Lessons from these ecofeminist and decolonial practices (among many others) illustrate a path forward that does not center social work (a modernist profession) or Green New Deal packages that reify nation-state power over humanity and the land. As Simpson theorizes, Indigenous place-based solidarity, which she calls “grounded normativity,” invokes a "system of ethics that are continuously generated by a relationship with a particular place, with land, through the Indigenous processes and knowledges that make up Indigenous life” (Simpson, 2016, p. 22). Following Simpson (2016), Indigenous social workers are well positioned to draw inspiration from everyday Indigenous practices, while nonIndigenous social workers can work in solidarity with Indigenous communities to respect Indigenous sovereignty and Indigenous knowledges that decenter colonial systems, including emphasis on individualism and the nation-state.
Decolonial practices outlined by Simpson, Shiva, and Maathi may be at odds with social work’s modernist roots. Ecofeminist and Indigenous principles that inform climate action and Green New Deal proposals, however, illuminate the transformative potential of dismantling existing political systems that maintain settler colonialism and its entanglement with white supremacist, patriarchal, and capitalist exploitation of human and natural resources.
A Green New Social Work
Where does this leave social work? Considering the rise of nationalist, populist views across the world (e.g., Modi’s reelection as a Hindu right nationalist in India, the Justice and Development Party in Turkey, and Jail Bosnaro’s election in Brazil), the viability of proposed Green New Deal plans depend on mass mobilization and coalition building among diverse groups. Social movement activists regularly struggle with maintaining momentum around shared goals without marginalizing people whose concerns are sidelined for more mainstream issues. Labor movement organizers in the United States, for example, endorsed a Green New Deal in part because of the emphasis on broad-based issues like raising the minimum age and universal childcare, as opposed to more divisive issues like opposition to the Keystone Pipeline which pitted Indigenous communities against white landowners.
As with previous social movements, social workers can work with communities to ensure that the Green New Deal and climate action centers the needs of those most marginalized by systemic colonialist, imperialist, racist, heteronormative, sexist, and ableist systems. This could include joining with prison abolitionists to fight for the decriminalization of Indigenous and environmental protesters; supporting youth environmental activists from the United States and Canada to work in solidarity with undocumented farm workers and their families for comprehensive immigration reform; and advocating for immigrant labor rights as integral to greening our food systems.

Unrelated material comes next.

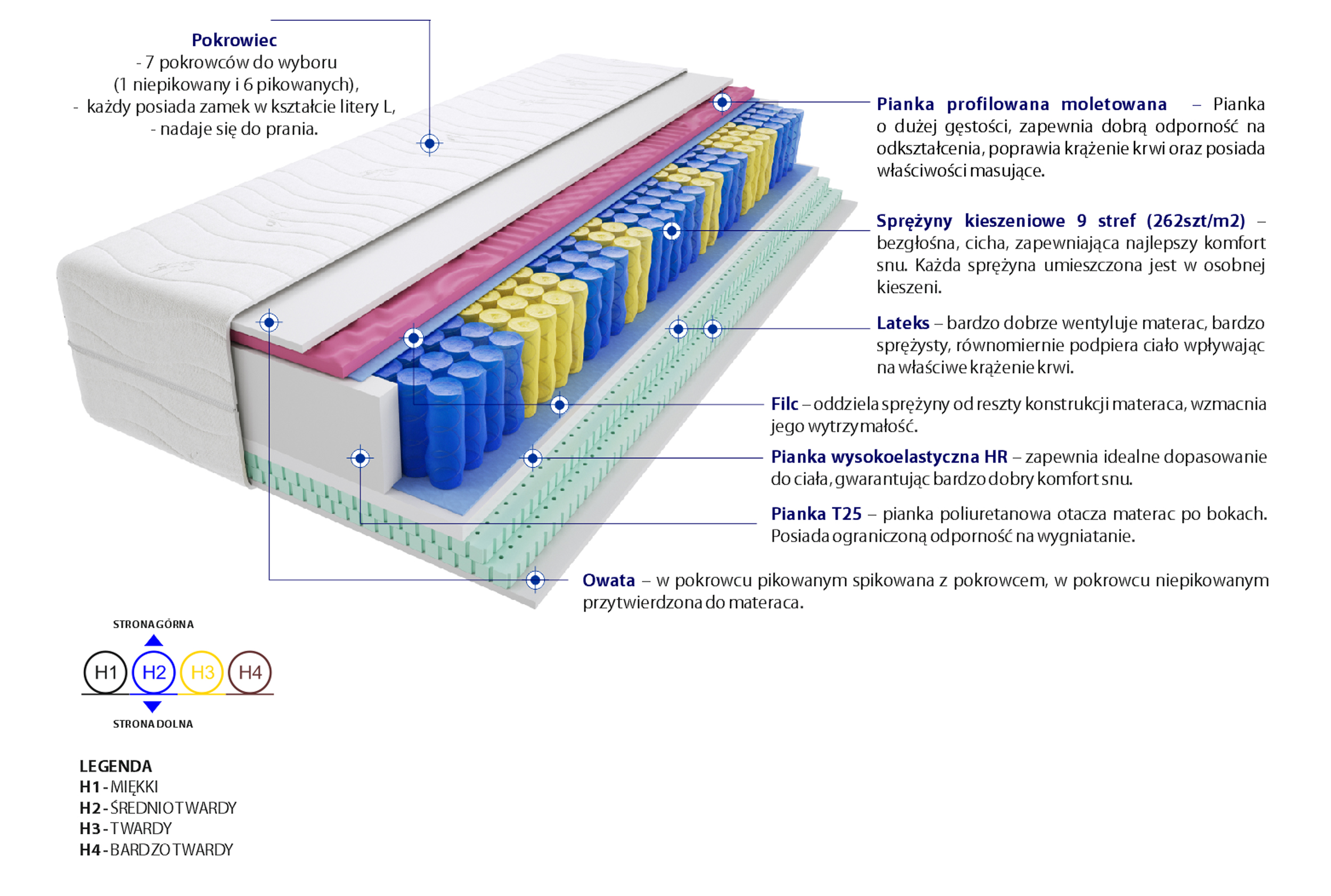 sprezyny-kieszeniowe, pianka-wysokoelastyczna-hr, pianka-profilowana-molet, 2x-lateks, pianka-t25, pokrowiec, filc, wlokno-klimatyzujace

For social work to tackle the call for climate action we will need to (1) broaden our epistemological conceptualization of social justice to include Indigenous and ecological principles of interdependence and responsibility for caring for all our relations (human and nonhuman life); (2) embrace feminist praxis of care that centers connection, mutual empathy, and empowerment (Norton, 2012), and (3) develop a new narrative within social work, where contributing to a low-carbon future can bolster the profession’s relevance in an emerging Green economy while transforming the profession’s core values of promoting dignity, equality, and respect for all forms of life in a sustainable future.
Taking inspiration from Angela Davis’s (2019) keynote address at the Society for Social Work Research’s annual conference, “just because we cannot foresee a different future does not mean it is not possible.”